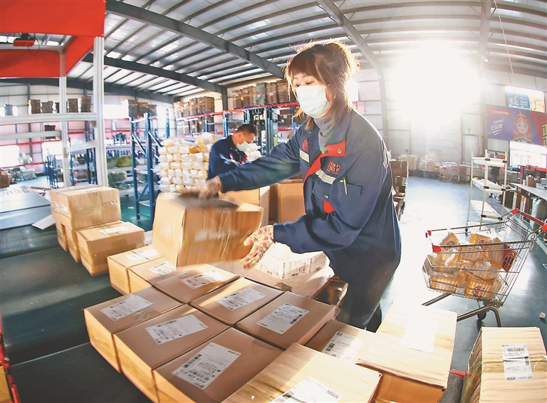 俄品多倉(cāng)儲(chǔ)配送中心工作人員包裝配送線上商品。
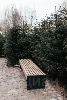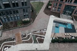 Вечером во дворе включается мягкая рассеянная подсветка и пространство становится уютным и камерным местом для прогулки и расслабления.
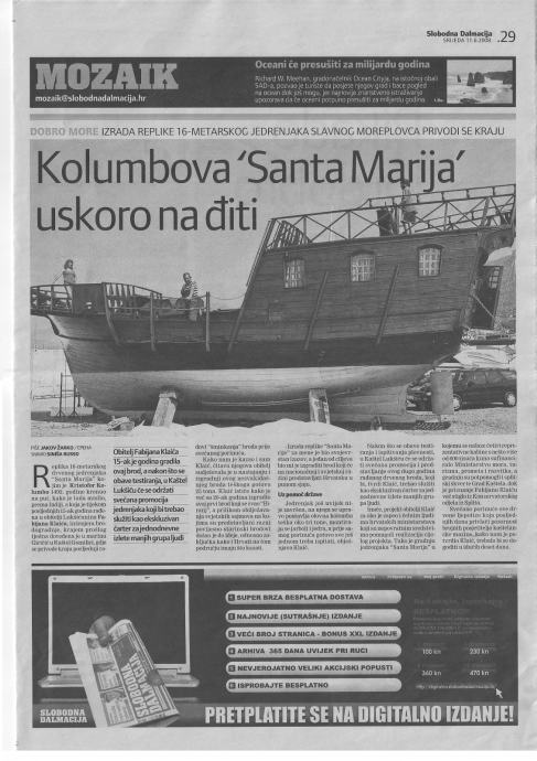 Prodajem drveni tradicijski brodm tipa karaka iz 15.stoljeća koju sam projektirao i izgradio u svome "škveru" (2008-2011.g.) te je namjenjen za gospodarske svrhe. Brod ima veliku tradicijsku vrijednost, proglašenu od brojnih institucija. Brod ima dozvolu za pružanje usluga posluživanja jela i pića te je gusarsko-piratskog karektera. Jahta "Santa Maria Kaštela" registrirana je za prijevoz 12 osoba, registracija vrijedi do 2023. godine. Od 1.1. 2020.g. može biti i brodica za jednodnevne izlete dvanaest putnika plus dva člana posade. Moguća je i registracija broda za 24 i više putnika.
========================================
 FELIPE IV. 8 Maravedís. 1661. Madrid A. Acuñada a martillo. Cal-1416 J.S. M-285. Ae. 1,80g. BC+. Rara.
========================================
Exercise prompt: Transcribe exactly the lines above, beginning at the one with "俄品多倉(cāng)儲(chǔ)配送中心工作人員包裝配送線上商品。" and going up to and including the one with "Вечером во дворе". Pictures do not belong in the copy.

Completed task:
 俄品多倉(cāng)儲(chǔ)配送中心工作人員包裝配送線上商品。
 Вечером во дворе включается мягкая рассеянная подсветка и пространство становится уютным и камерным местом для прогулки и расслабления.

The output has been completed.